[Source material]
((

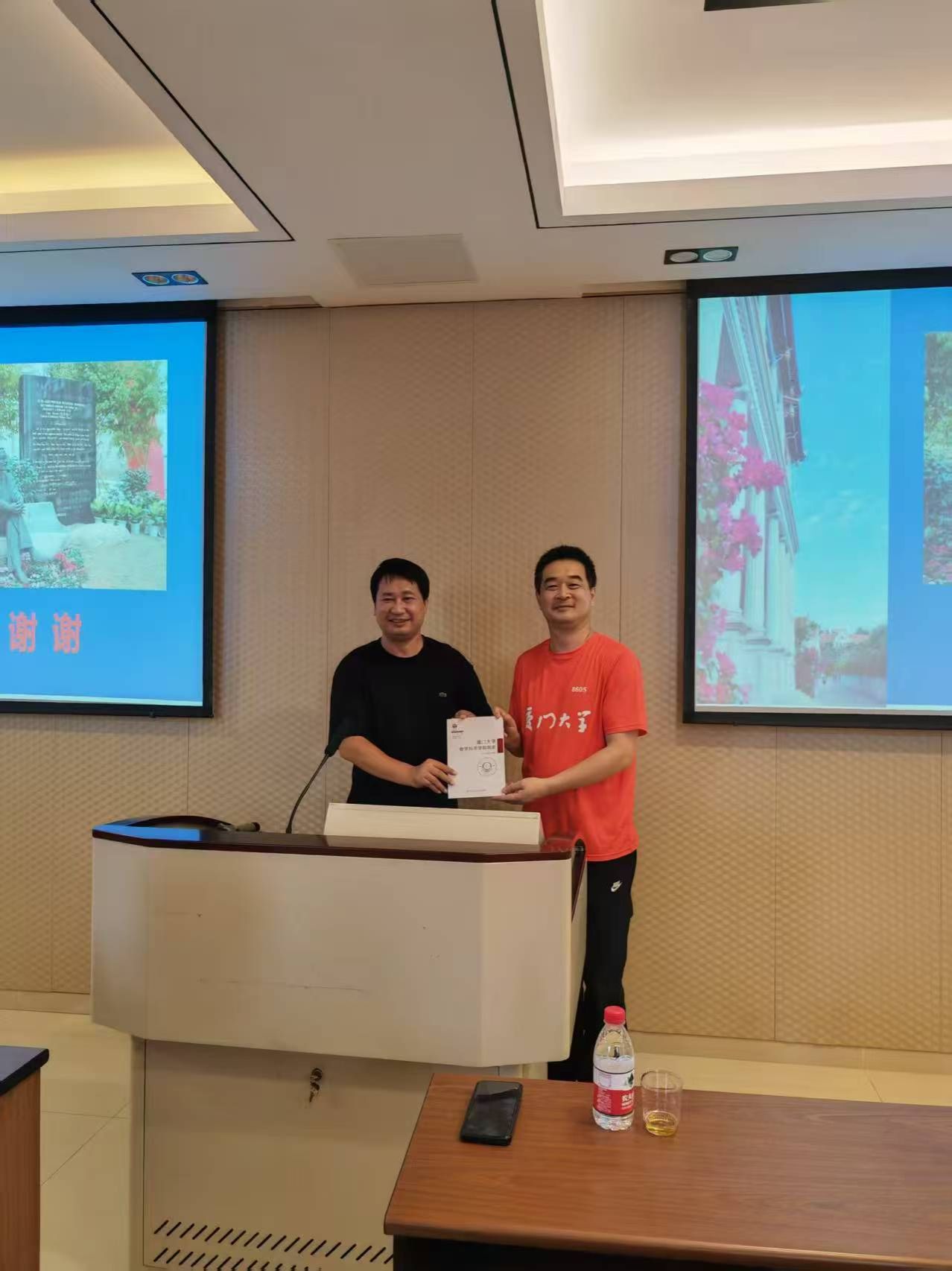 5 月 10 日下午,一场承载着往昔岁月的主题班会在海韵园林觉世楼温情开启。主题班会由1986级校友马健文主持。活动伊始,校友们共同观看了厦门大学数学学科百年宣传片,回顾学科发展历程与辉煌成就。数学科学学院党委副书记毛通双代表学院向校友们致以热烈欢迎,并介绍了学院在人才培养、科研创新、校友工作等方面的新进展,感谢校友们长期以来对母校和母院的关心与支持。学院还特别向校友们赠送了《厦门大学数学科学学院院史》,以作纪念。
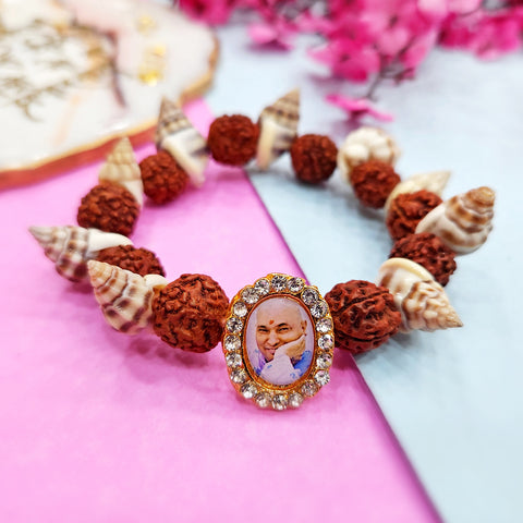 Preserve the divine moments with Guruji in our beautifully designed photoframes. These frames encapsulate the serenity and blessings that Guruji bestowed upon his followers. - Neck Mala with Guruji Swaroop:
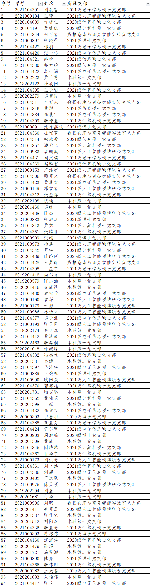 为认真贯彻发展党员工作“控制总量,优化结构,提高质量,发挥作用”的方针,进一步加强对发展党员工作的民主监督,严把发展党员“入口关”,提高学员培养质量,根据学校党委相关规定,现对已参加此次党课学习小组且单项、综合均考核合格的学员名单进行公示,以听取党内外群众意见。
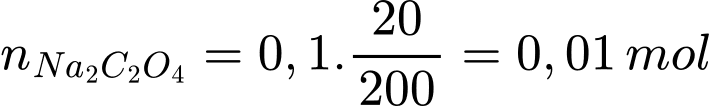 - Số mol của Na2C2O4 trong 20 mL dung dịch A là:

))

Leave out the pictures and set down all of the data exactly.

 5 月 10 日下午,一场承载着往昔岁月的主题班会在海韵园林觉世楼温情开启。主题班会由1986级校友马健文主持。活动伊始,校友们共同观看了厦门大学数学学科百年宣传片,回顾学科发展历程与辉煌成就。数学科学学院党委副书记毛通双代表学院向校友们致以热烈欢迎,并介绍了学院在人才培养、科研创新、校友工作等方面的新进展,感谢校友们长期以来对母校和母院的关心与支持。学院还特别向校友们赠送了《厦门大学数学科学学院院史》,以作纪念。
 Preserve the divine moments with Guruji in our beautifully designed photoframes. These frames encapsulate the serenity and blessings that Guruji bestowed upon his followers. - Neck Mala with Guruji Swaroop:
 为认真贯彻发展党员工作“控制总量,优化结构,提高质量,发挥作用”的方针,进一步加强对发展党员工作的民主监督,严把发展党员“入口关”,提高学员培养质量,根据学校党委相关规定,现对已参加此次党课学习小组且单项、综合均考核合格的学员名单进行公示,以听取党内外群众意见。
 - Số mol của Na2C2O4 trong 20 mL dung dịch A là:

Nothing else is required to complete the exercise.